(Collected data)
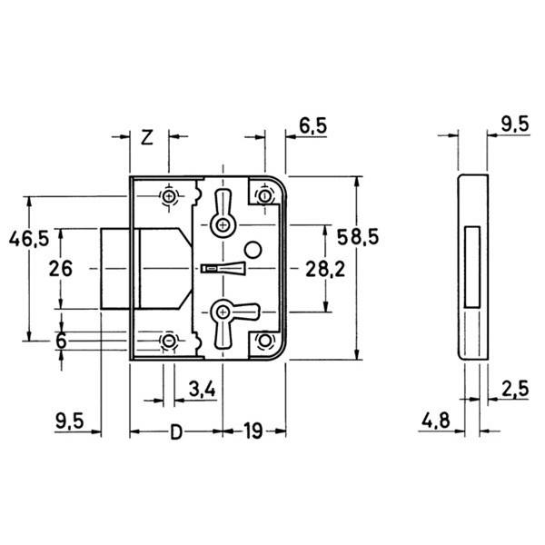 Serratura a mortasa per battenti con chiavistello/catenaccio art. 750 ISEO E15 - 16 mm anteriore
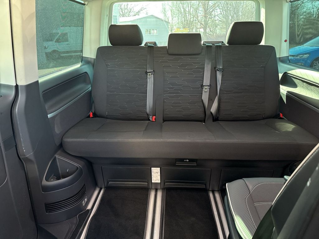 Heckklappe mit Fensterausschnitt und Zuziehhilfe, Automatische Distanzregelung ACC bis 210 km/h und Umfeldbeobachtungssystem Front Assist mit City-Notbremsfunktion, Geschwindigkeits-Begrenzeranlage, Fahrassistenz-System: City-Notbremsfunktion, Elektronisches Stabilisierungsprogramm ABS ASR(mit Deaktivierungstaster) EDS Berganfahrassistent und Bremsassistent, Verdampfer zusätzlich, Anhänger-Stabilisierungs-Programm, Sonnenschutzfolie an den Fenstern Tiefschwarze Tönung im Fahrgastraum, Indiumgrau Metallic/Dach Schwarz, Schiebetür rechts im Lade-/Fahrgastraum mit elektrischer Zuziehhilfe, Ausstattungs-Paket Licht + Sicht, Normaldach (mit Befestigungspunkten für Dachträgersysteme: 8 beim kurzen Radstand 10 beim langen Radstand), Außenspiegelgehäuse und Türgriffe in Wagenfarbe (bei Edition Modellen Außenspiegelgehäuse in Deep Black), Stoßfänger in Wagenfarbe bei Serienlackierungen bzw. gemäß Farbbeschreibung bei Sonderlackierungen, Seitenfenster vorne und hinten im Lade-/Fahrgastraum links, Seitenfenster vorn und hinten im Lade-/Fahrgastraum rechts, Mobiltelefon-Schnittstelle, Vorbereitet für We Connect und We Connect Plus, Armaturentafel Komfort (Unterteil in Titanschwarz) mit Chromapplikationen und schwarz lackierten Blenden, Dekor-Einlagen Bright Brushed Grey, Airbags für Fahrer und Beifahrer mit Beifahrer-Airbag-Deaktivierung, Velour-Vlies-Bodenbelag im Fahrerhaus, Bodenbelag im Fahrgastraum aus trittverstärktem Teppichboden, Haltegriff für Einstieg an der A-Säule auf der Fahrer- und Beifahrerseite, Handschuhfach abschließbar, Komforthimmel im Fahrerhaus und Umlufthimmel mit Dachausströmern im Fahrgastraum, Seitenverkleidung Komfort im Fahrgastraum, Allergen-Filter, Zuheizer, Komfortsitz links mit Lendenwirbelstütze in der 1.Sitzreihe (nicht drehbar), Komfortsitz rechts mit Lendenwirbelstütze in der 1.Sitzreihe (nicht drehbar), Höheneinstellung für linken und rechten Einzelsitz im Fahrerhaus, Sitze im Fahrerhaus: Fahrersitz höhenverstellbar, Sitze im Fahrerhaus: Beifahrersitz höhenverstellbar, Lendenwirbelstützen für linken und rechten Einzelsitz in der 1.Sitzreihe (beide manuell einstellbar), Sitze im Fahrerhaus: Lendenwirbelstütze Fahrersitz, Armlehnen für beide Sitze im Fahrerhaus, Sitze im Fahrerhaus: Armlehnen Fahrersitz, Sitze im Fahrerhaus: Armlehnen Beifahrersitz, 2 Drehsitze mit Armlehnen im Schienensystem verschiebbar in der 2. Sitzreihe, 3er-Sitzbank mit Liegefunktion und Staufach verschiebbar in der 3.Sitzreihe, Heckklappe mit Verglasung, Innenleuchten im Fahrerhaus: Leseleuchten vorn (2), Trittstufenbeleuchtung
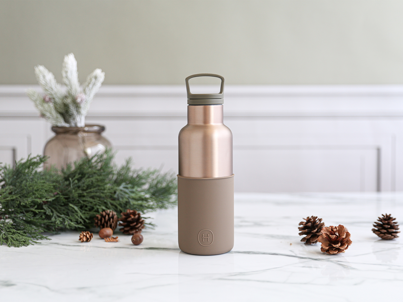 美國HYDY CinCin Déco不鏽鋼保溫瓶(冷杉-軍綠保護套)480ml
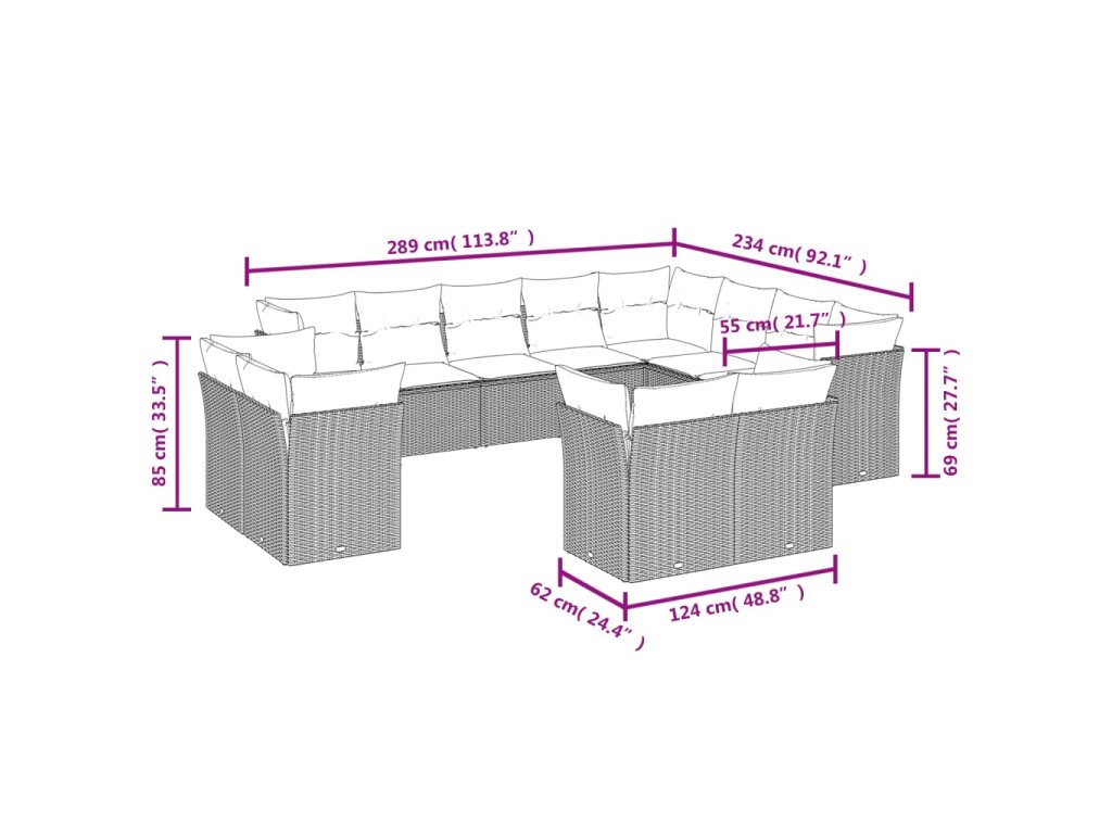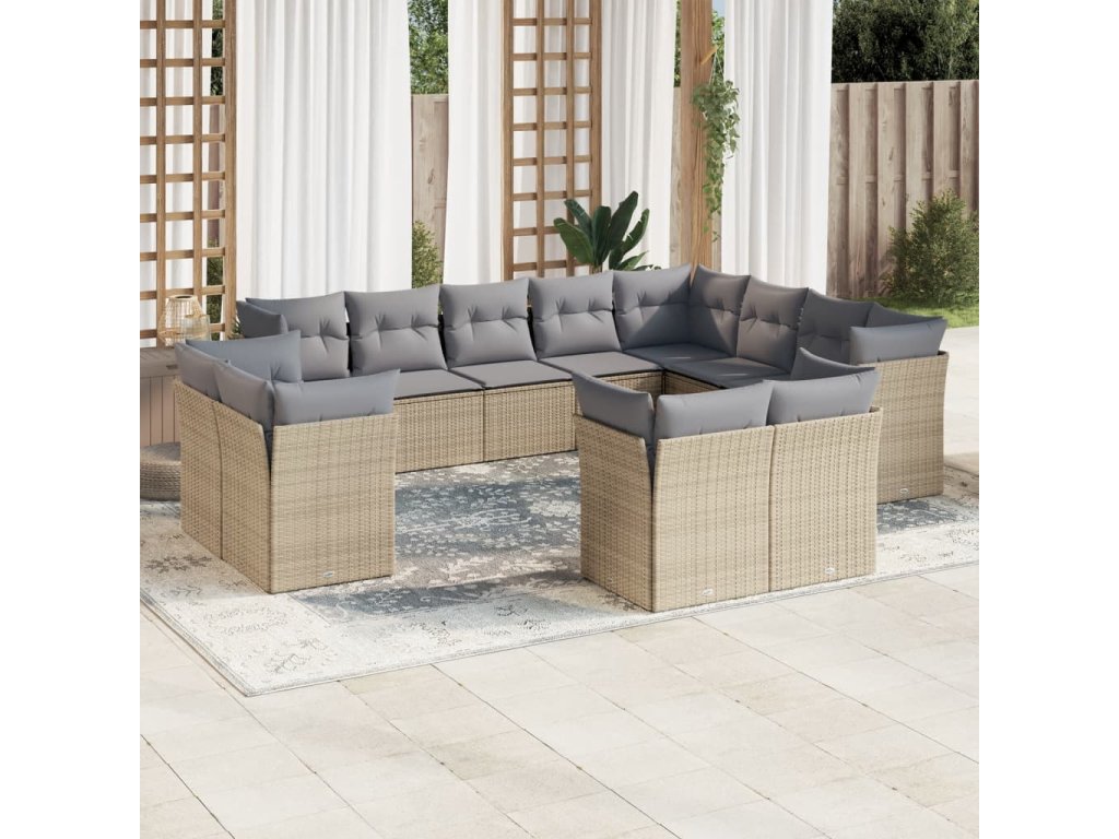 12dílná zahradní sedací souprava s poduškami béžová polyratan 3218529
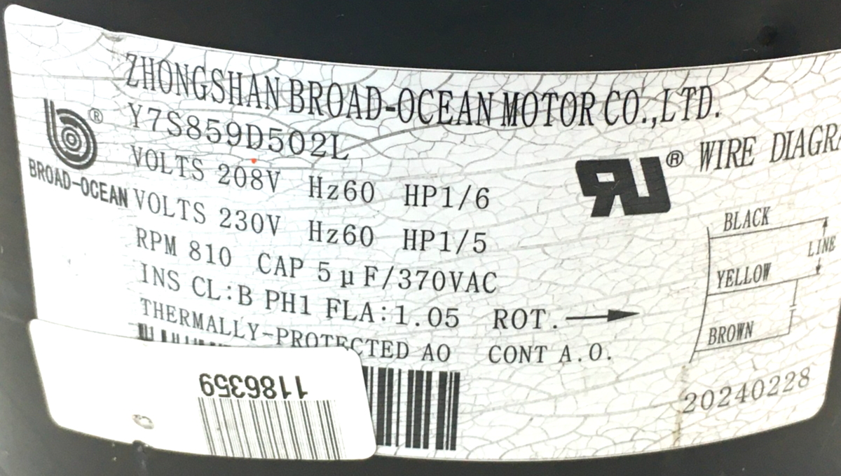 This is Broad-Ocean Y7S859D502L Condenser Motor 1/6 HP 208-230V 810 RPM ICP 1186359 used part.

WHAT IS REQUIRED: Your output must match the records word for word, apart from the images, which are left out.

EXERCISE SOLUTION:
 Serratura a mortasa per battenti con chiavistello/catenaccio art. 750 ISEO E15 - 16 mm anteriore
 Heckklappe mit Fensterausschnitt und Zuziehhilfe, Automatische Distanzregelung ACC bis 210 km/h und Umfeldbeobachtungssystem Front Assist mit City-Notbremsfunktion, Geschwindigkeits-Begrenzeranlage, Fahrassistenz-System: City-Notbremsfunktion, Elektronisches Stabilisierungsprogramm ABS ASR(mit Deaktivierungstaster) EDS Berganfahrassistent und Bremsassistent, Verdampfer zusätzlich, Anhänger-Stabilisierungs-Programm, Sonnenschutzfolie an den Fenstern Tiefschwarze Tönung im Fahrgastraum, Indiumgrau Metallic/Dach Schwarz, Schiebetür rechts im Lade-/Fahrgastraum mit elektrischer Zuziehhilfe, Ausstattungs-Paket Licht + Sicht, Normaldach (mit Befestigungspunkten für Dachträgersysteme: 8 beim kurzen Radstand 10 beim langen Radstand), Außenspiegelgehäuse und Türgriffe in Wagenfarbe (bei Edition Modellen Außenspiegelgehäuse in Deep Black), Stoßfänger in Wagenfarbe bei Serienlackierungen bzw. gemäß Farbbeschreibung bei Sonderlackierungen, Seitenfenster vorne und hinten im Lade-/Fahrgastraum links, Seitenfenster vorn und hinten im Lade-/Fahrgastraum rechts, Mobiltelefon-Schnittstelle, Vorbereitet für We Connect und We Connect Plus, Armaturentafel Komfort (Unterteil in Titanschwarz) mit Chromapplikationen und schwarz lackierten Blenden, Dekor-Einlagen Bright Brushed Grey, Airbags für Fahrer und Beifahrer mit Beifahrer-Airbag-Deaktivierung, Velour-Vlies-Bodenbelag im Fahrerhaus, Bodenbelag im Fahrgastraum aus trittverstärktem Teppichboden, Haltegriff für Einstieg an der A-Säule auf der Fahrer- und Beifahrerseite, Handschuhfach abschließbar, Komforthimmel im Fahrerhaus und Umlufthimmel mit Dachausströmern im Fahrgastraum, Seitenverkleidung Komfort im Fahrgastraum, Allergen-Filter, Zuheizer, Komfortsitz links mit Lendenwirbelstütze in der 1.Sitzreihe (nicht drehbar), Komfortsitz rechts mit Lendenwirbelstütze in der 1.Sitzreihe (nicht drehbar), Höheneinstellung für linken und rechten Einzelsitz im Fahrerhaus, Sitze im Fahrerhaus: Fahrersitz höhenverstellbar, Sitze im Fahrerhaus: Beifahrersitz höhenverstellbar, Lendenwirbelstützen für linken und rechten Einzelsitz in der 1.Sitzreihe (beide manuell einstellbar), Sitze im Fahrerhaus: Lendenwirbelstütze Fahrersitz, Armlehnen für beide Sitze im Fahrerhaus, Sitze im Fahrerhaus: Armlehnen Fahrersitz, Sitze im Fahrerhaus: Armlehnen Beifahrersitz, 2 Drehsitze mit Armlehnen im Schienensystem verschiebbar in der 2. Sitzreihe, 3er-Sitzbank mit Liegefunktion und Staufach verschiebbar in der 3.Sitzreihe, Heckklappe mit Verglasung, Innenleuchten im Fahrerhaus: Leseleuchten vorn (2), Trittstufenbeleuchtung
 美國HYDY CinCin Déco不鏽鋼保溫瓶(冷杉-軍綠保護套)480ml
 12dílná zahradní sedací souprava s poduškami béžová polyratan 3218529
 This is Broad-Ocean Y7S859D502L Condenser Motor 1/6 HP 208-230V 810 RPM ICP 1186359 used part.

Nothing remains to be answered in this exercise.